Designs for a Brooch and Three Bracelets after Beaugrand's "L'Aigle Impérial" (The Imperial Eagle), created for Empress Eugénie in the Second Empire

Anonymous, French, 19th century French
After Gustave Baugrand French

Not on view

Drawing with a design for a brooch and three bracelets, after a set designed by French Imperial Jeweler Beaugrand, titled "The Imperial Eagle", for Empress Eugenie between 1850 and 1870, part of an album of drawings by various artists for individual pieces of jewelry, containing a variety of designs in the Art Nouveau style of the late nineteenth and early twentieth century, as well as some pieces in historic period styles. The design for a brooch consists of a large, black bird with open wings, standing on a thin, U-shaped garland with stylized leaves with a ribbon bow with a green, round stone in the center, between the feet of the bird, from which hangs a thin strip with a round, pink stone, and a scrolling motif with a fleur-de-lis, with three hanging teardrop-shaped stones: a larger, green one in the center, and two smaller, yellow stones on the sides. The drawing is executed with black pen and watercolor, green and pink watercolor, and white gouache.
The first design for a bracelet consists of the same black, open-winged bird motif seen in the brooch, standing on an undulating garland with stylized flowers and round pearls, and with a ribbon bow under the bird's feet, inside two green strips that frame the body of the bracelet. The drawing is executed with black pen and watercolor, green watercolor, and white gouache.
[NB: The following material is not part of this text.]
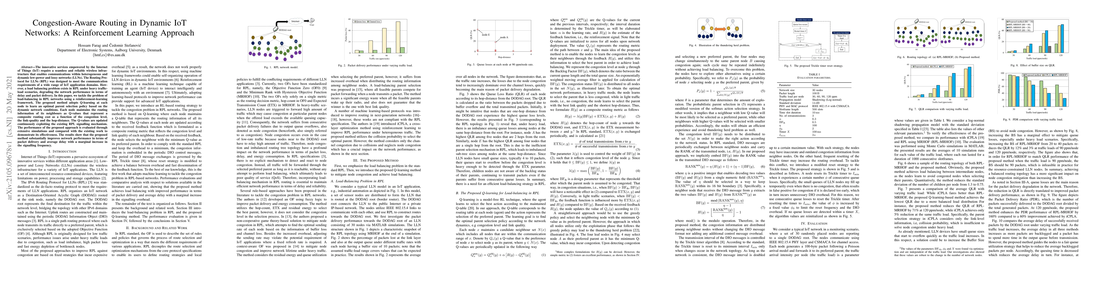 This paper proposes a reinforcement learning approach using Q-learning to optimize parent selection in Routing Protocol for Low-Power and Lossy Networks (RPL) to address load-balancing issues under heavy traffic. The method enhances network performance by dynamically updating routing information based on congestion, link quality, and hop distance.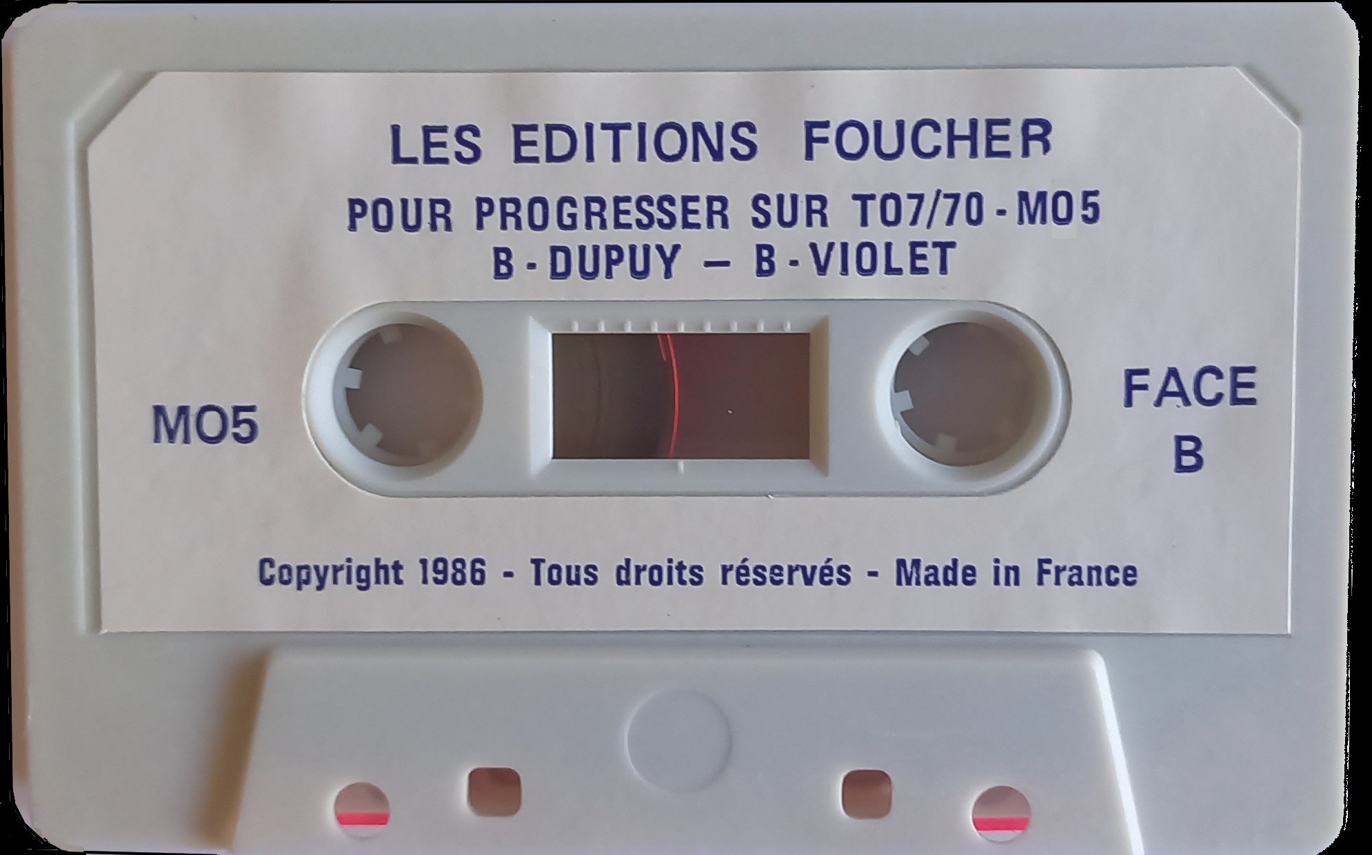 Pour Progresser sur TO7 - MO5 Jeux et Exploration Scientifique à partir de 13 ans. Le livre « Progresser sur TO7 - MO5 » est paru le 1er Janvier 1986 avec un ensemble de logiciels éducatifs pour accompagner le livre. Ces logiciels sont enregistrés sur une cassette (une face TO7, une face MO5) et vendus dans un boîtier.

It is likely that this bracelet was intended to be worn as part of a set with the brooch. The second design for a bracelet is executed only with black pen, and might have been drawn after the first bracelet. The third bracelet is a quick sketch in pencil of a similar bracelet, also possibly drawn after the first. These two might have been created by a young designer or a learning artist.
These designs are all of the style of the French School of the 19th century, which featured naturalistic motifs decorated with recognisable fruits, and animals, and complex compositions of flowers and foliage. The designs often included diamonds and precious stones, as well as colored glass and other semi-precious stones. The inscription in pencil in the sheet suggests that these jewels were created by Gustave Baugrand for Empress Eugenie (probably ca. 1955-1970). This style later inspired some designs of the Art Deco period, recreating the "garland style" of earlier jewelry designs from the 18th and 19th century.